+++ THE DATA

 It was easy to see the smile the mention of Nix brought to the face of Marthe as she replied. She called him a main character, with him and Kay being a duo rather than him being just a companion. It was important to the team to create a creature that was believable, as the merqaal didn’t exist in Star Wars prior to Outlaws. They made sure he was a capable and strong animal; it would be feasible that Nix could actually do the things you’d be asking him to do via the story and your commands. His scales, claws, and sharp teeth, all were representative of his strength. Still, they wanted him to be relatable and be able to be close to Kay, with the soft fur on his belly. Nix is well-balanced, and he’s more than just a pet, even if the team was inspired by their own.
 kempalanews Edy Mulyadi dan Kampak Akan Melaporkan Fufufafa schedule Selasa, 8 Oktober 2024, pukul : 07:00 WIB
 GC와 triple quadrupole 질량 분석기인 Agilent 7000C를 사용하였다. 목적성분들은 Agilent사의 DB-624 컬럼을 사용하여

++++++
+++ THE DATA

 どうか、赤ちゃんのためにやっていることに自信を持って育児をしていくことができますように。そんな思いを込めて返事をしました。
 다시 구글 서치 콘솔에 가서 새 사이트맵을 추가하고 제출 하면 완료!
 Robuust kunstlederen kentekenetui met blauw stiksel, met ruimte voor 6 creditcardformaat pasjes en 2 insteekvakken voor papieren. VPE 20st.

++++++

TASK STATEMENT — Give back exactly the lines above, from the line containing "It was easy" through the line containing "GC와 triple quadrupole", with both end lines and nothing more.

RESULT OF THE TASK —
 It was easy to see the smile the mention of Nix brought to the face of Marthe as she replied. She called him a main character, with him and Kay being a duo rather than him being just a companion. It was important to the team to create a creature that was believable, as the merqaal didn’t exist in Star Wars prior to Outlaws. They made sure he was a capable and strong animal; it would be feasible that Nix could actually do the things you’d be asking him to do via the story and your commands. His scales, claws, and sharp teeth, all were representative of his strength. Still, they wanted him to be relatable and be able to be close to Kay, with the soft fur on his belly. Nix is well-balanced, and he’s more than just a pet, even if the team was inspired by their own.
 kempalanews Edy Mulyadi dan Kampak Akan Melaporkan Fufufafa schedule Selasa, 8 Oktober 2024, pukul : 07:00 WIB
 GC와 triple quadrupole 질량 분석기인 Agilent 7000C를 사용하였다. 목적성분들은 Agilent사의 DB-624 컬럼을 사용하여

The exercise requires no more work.